Misi Gerwani pun semakin dekat dengan paham komunisme, yakni membantu mendukung kesejahteraan buruh perempuan. Selain itu, Gerwani juga menunjukkan kerjasamanya dengan organisasi buruh yang juga merupakan underbow dari PKI. Terlepas dari hal tersebut, fokus utama Gerwani masih berkaitan dengan isu gender, terutama perempuan.

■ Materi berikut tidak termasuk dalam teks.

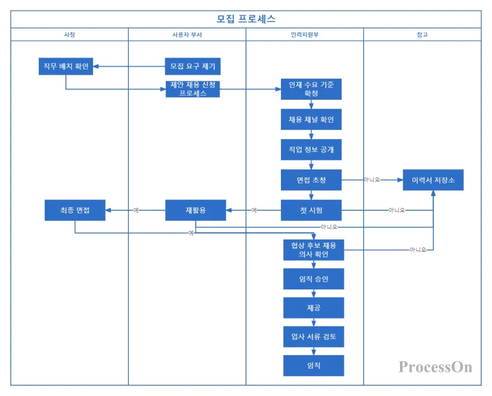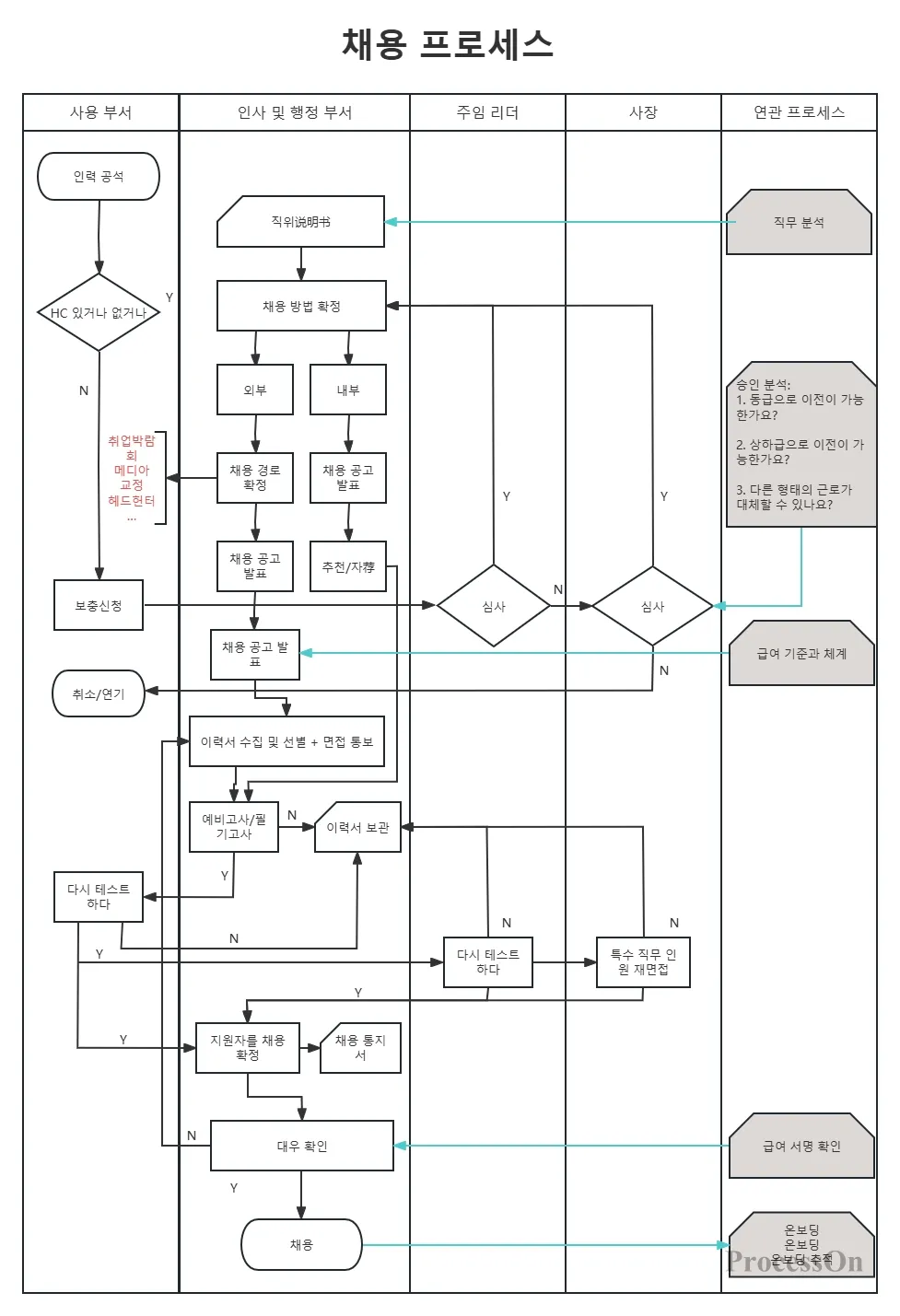 전체 콘텐츠를 보려면 로그인하세요 이 플로차트는 채용 과정을 체계적으로 설명하는 도구로, 인재 채용의 각 단계를 명확히 보여줍니다. 채용 과정은 채용 채널 확인에서 시작하여 모집 요

Gerwani mengkritik fenomena nikah muda yang masih sering terjadi di beberapa daerah di Indonesia. Pada kebanyakan kasus, pernikahan di bawah umur merugikan pihak perempuan. Sesungguhnya fenomena ini merupakan lingkaran setan yang memenjarakan perempuan di dalamnya. Karena persepsi dan nilai yang berlaku di masyarakat menempatkan perempuan Sebagai kaum yang hanya pantas berada di rumah untuk menjalankan tugas rumah tangga dan melayani suami, mereka dianggap tidak membutuhkan pendidikan tinggi.

Pada saat yang sama, laki-laki ditempatkan pada posisi yang menguntungkan. Karena mendapatkan dukungan untuk mendapatkan pendidikan yang berkonsekuensi pada kepemilikan kapital, mereka mendapatkan pembenaran dalam tindakan mendominasi. Kekerasan rumah tangga yang dilakukan suami kepada istri menjadi hal yang dilumrahkan. Kenderungan serupa akan terjadi pada generasi berikutnya karena nilai-nilai tersebut masih dipertahankan.

Secara umum, Gerwani menolak nilai-nilai feudal yang berkembang di masyarakat yang menyebabkan perempuan terjajah. Sehingga dalam perkembangannya, Gerwani turut memasukkan gagasan anti-imperialisme dan anti-feudalisme di dalam programnya.

Undang-Undang tentang batas usia minimal pernikahan merupakan salah satu capaian hukum yang dipelopori oleh Gerwani untuk menghentikan praktik pernikahan di bawah umur.